───── DATA SHOWN ─────
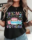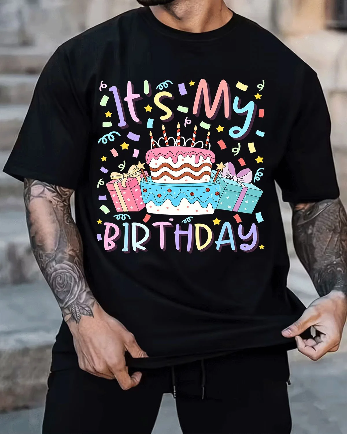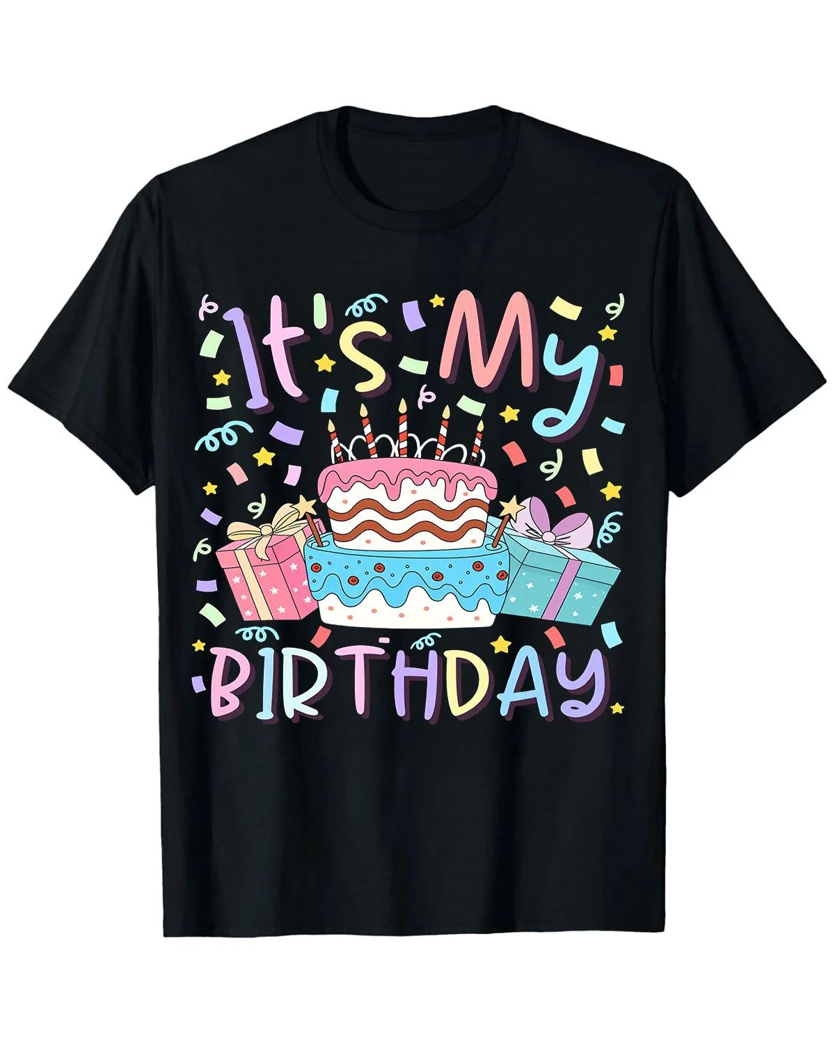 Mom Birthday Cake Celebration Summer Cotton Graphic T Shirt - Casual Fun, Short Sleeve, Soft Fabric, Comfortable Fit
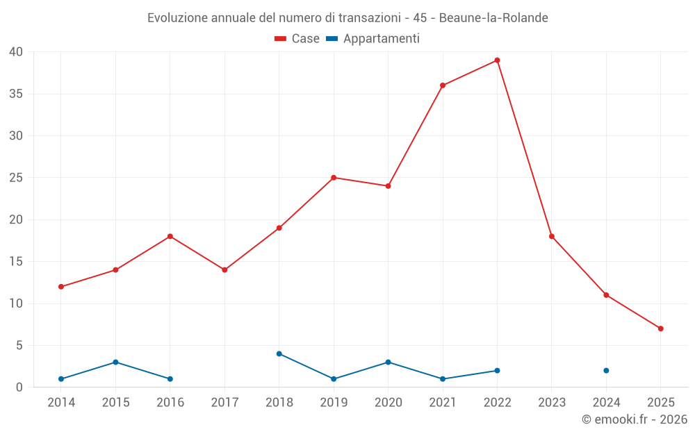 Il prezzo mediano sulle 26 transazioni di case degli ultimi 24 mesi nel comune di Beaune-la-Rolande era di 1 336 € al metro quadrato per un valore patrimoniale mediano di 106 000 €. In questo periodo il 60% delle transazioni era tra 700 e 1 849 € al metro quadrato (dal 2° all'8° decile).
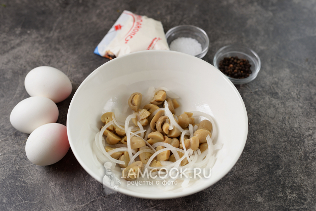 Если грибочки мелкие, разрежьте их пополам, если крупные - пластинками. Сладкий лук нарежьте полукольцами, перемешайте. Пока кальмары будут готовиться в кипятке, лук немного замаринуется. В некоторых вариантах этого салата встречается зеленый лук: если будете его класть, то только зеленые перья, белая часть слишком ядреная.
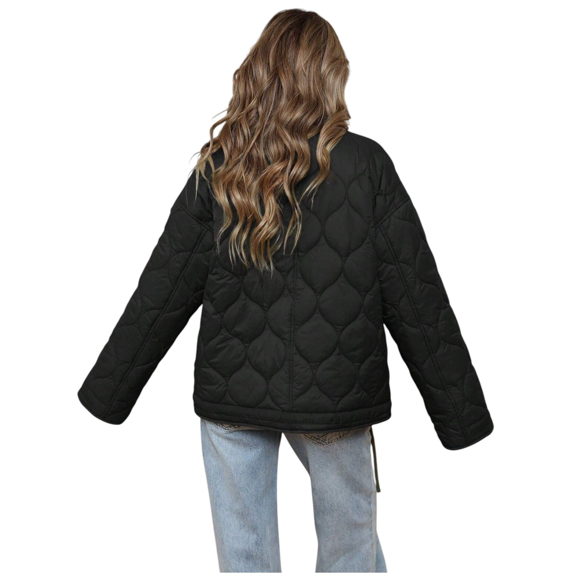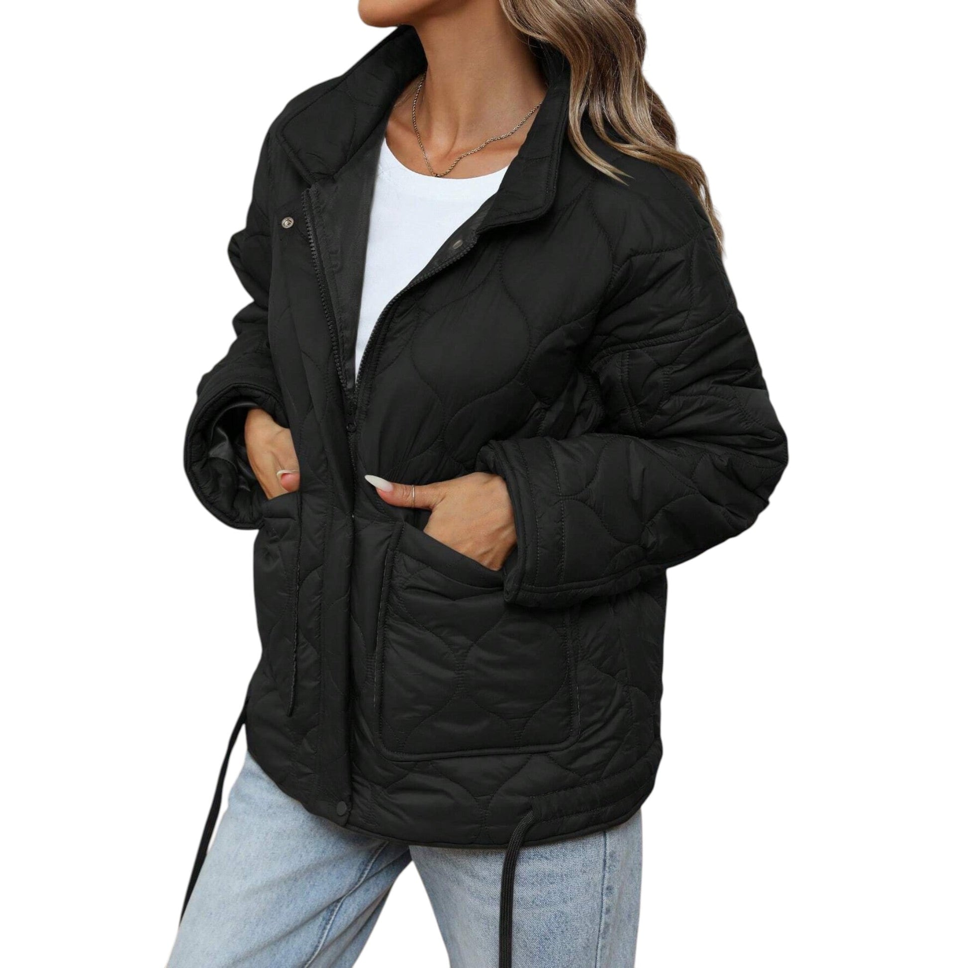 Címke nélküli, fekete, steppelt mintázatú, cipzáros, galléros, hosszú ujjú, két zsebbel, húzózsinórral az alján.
─────
───── DATA SHOWN ─────
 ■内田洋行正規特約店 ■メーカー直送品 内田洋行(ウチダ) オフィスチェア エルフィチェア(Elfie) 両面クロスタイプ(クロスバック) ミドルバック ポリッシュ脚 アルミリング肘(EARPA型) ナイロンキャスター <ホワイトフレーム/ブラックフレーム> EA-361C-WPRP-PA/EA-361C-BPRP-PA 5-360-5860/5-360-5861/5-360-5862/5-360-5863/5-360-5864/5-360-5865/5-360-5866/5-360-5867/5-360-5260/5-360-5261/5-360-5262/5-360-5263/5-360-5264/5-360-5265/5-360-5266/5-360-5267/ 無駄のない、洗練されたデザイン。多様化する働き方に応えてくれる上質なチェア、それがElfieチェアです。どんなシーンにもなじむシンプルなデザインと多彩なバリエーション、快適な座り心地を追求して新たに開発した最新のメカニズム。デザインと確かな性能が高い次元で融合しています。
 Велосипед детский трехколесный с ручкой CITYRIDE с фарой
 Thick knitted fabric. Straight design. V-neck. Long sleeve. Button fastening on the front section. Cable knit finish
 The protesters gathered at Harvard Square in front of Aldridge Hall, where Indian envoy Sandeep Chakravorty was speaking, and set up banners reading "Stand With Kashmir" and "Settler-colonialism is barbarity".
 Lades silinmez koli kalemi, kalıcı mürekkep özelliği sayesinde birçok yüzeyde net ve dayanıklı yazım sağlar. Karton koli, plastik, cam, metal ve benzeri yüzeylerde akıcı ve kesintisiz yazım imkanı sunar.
─────
- _TASK BRIEF_: What you write out is the stretch of entries from the line containing "Если грибочки мелкие, разрежьте" to the line containing "Címke nélküli, fekete, steppelt", word for word, with both end lines and no pictures.

- _RESULT_:
 Если грибочки мелкие, разрежьте их пополам, если крупные - пластинками. Сладкий лук нарежьте полукольцами, перемешайте. Пока кальмары будут готовиться в кипятке, лук немного замаринуется. В некоторых вариантах этого салата встречается зеленый лук: если будете его класть, то только зеленые перья, белая часть слишком ядреная.
 Címke nélküli, fekete, steppelt mintázatú, cipzáros, galléros, hosszú ujjú, két zsebbel, húzózsinórral az alján.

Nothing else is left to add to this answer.